Moreover, petitioner's contention that the prosecution argued that "the jury should infer that the witnesses had nothing to gain and petitioner did," and that petitioner "did the crime no matter what the evidence said," (id.) is without any factual basis in the record. A review of the trial transcript indicates that, in its summation, the prosecution suggested that the jury should consider the witnesses' motives. (Summation 919:6-924:11.) The prosecution's summation also addressed inconsistencies in trial testimony. (See Summation, ECF No. 23-4, ECF p. 190 and ECF No. 23-5, ECF pp. 1-34, at 899:1-4, 903:18-910:6, 930:1-931:23.) Nothing in the prosecution's statements at trial, however, can fairly be characterized as a statement that "the jury should infer that the witnesses had nothing to gain and petitioner did," or that petitioner "did the crime no matter what the evidence said." (Pet. at 5, 7.)

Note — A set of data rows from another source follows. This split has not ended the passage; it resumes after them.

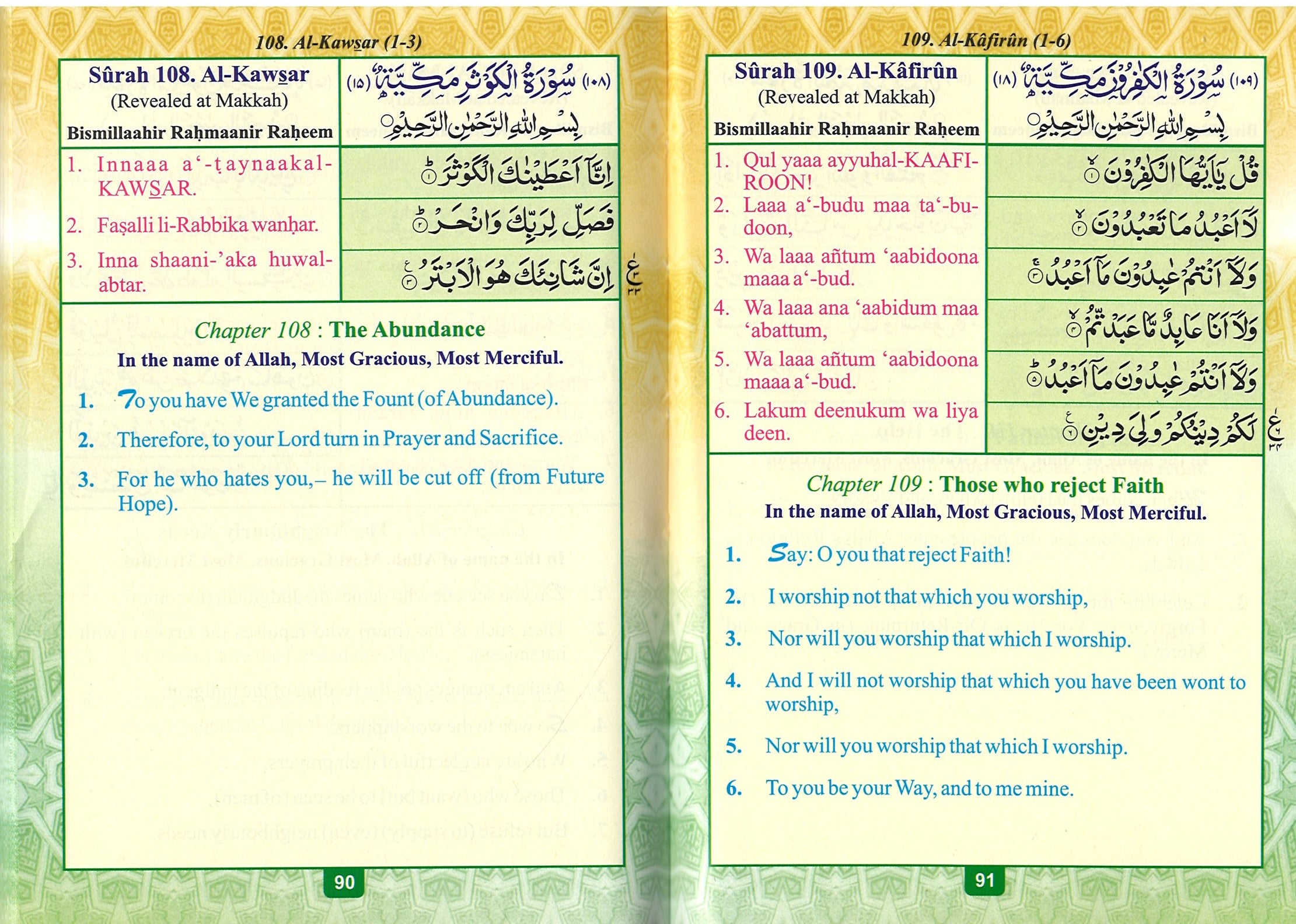 Part Thirty of the Holy Quran with English translation and transliteration (Pocket Size)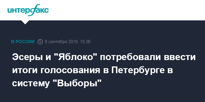 Эсеры и "Яблоко" потребовали ввести итоги голосования в Петербурге в систему "Выборы"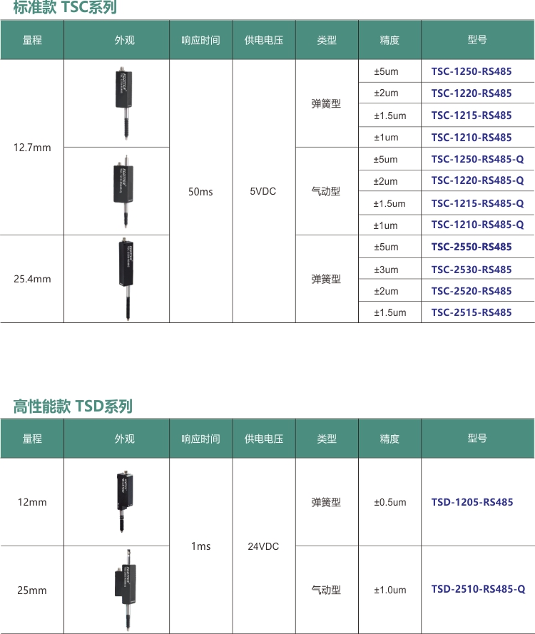 TSD系列有量程12mm和25mm可選,24V DC供電,彈簧款精度可達±0.5um,氣動款精度可達±1um。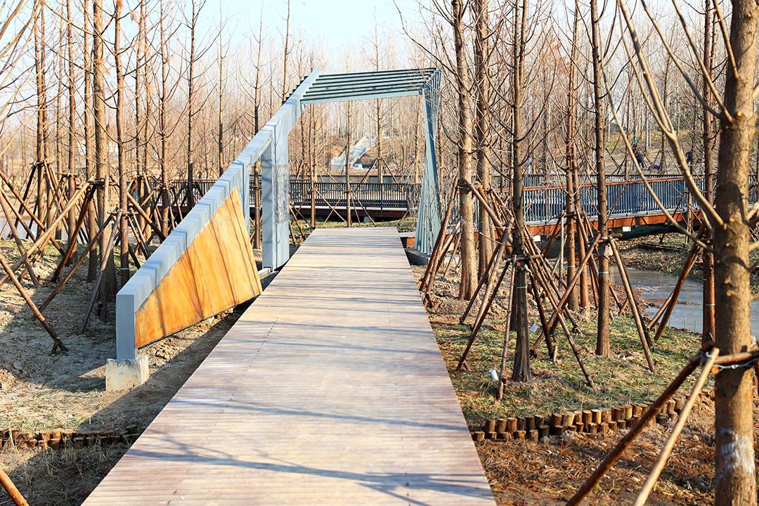 在延續(xù)區(qū)域的肌理風貌方面,“沁段落”通過“ 藍綠耦合”、海綿系統(tǒng)、藝術表現(xiàn),以及AR(增強現(xiàn)實技術)與VR(虛擬現(xiàn)實技術)的智慧互動等手段,將宋詞意境、漢文化元素、樂府詩篇融入到項目的生態(tài)場景空間,并貼近人們的日常生活,做到“無言之教”;利用對特色空間的營造,為訪客特別是青少年帶來濕地漫步、生態(tài)感知、濱水體驗、水工互動、運動休閑等多維感受,創(chuàng)建成青少年戶外課堂,并將其建設成為河湖長制生態(tài)保護實踐基地。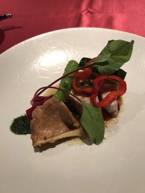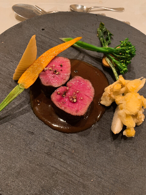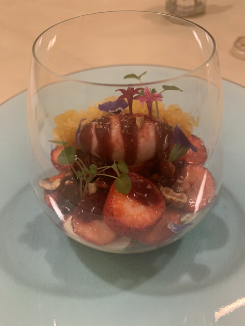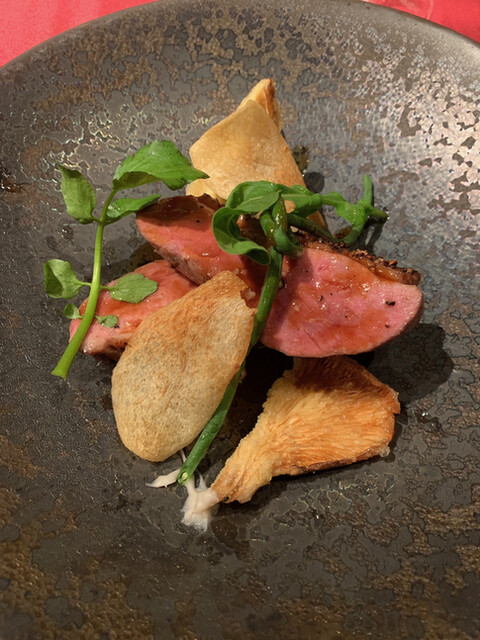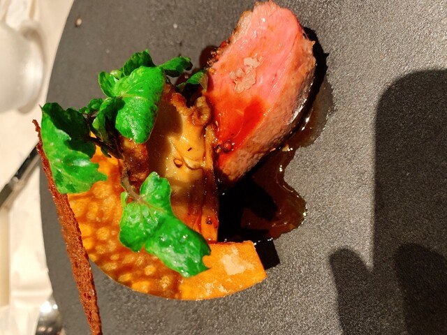 赤ワインのソースで引き締まり、パッションフルーツの氷が超いいアクセントになっていました。

Additionally, petitioner's claim that the prosecutor improperly vouched for witnesses, raised in Claim V of the instant petition, is procedurally barred and meritless. In his direct appeal, petitioner argued that the prosecutor improperly vouched for Kassine Harrington and Erika Renjifo, witnesses in petitioner's criminal trial, in his summation. (Pet. App. Br., ECF No. 23-6, ECF pp. 1-48, at 21, 26-27.) The Appellate Division concluded that these claims were unpreserved for appellate review based on New York State law. See Morrison, 873 N.Y.S.2d at 160 ("The defendant's claims that he was denied a fair trial because the prosecutor made improper remarks during his opening statement and summation are unpreserved for appellate review, except his claim that the prosecutor shifted the burden of proof during summation."). Thus, petitioner's claim that the prosecution improperly vouched for witnesses' credibility is procedurally barred to the extent it is based on the prosecutor's purported vouching for Harrington and Renjifo in summation.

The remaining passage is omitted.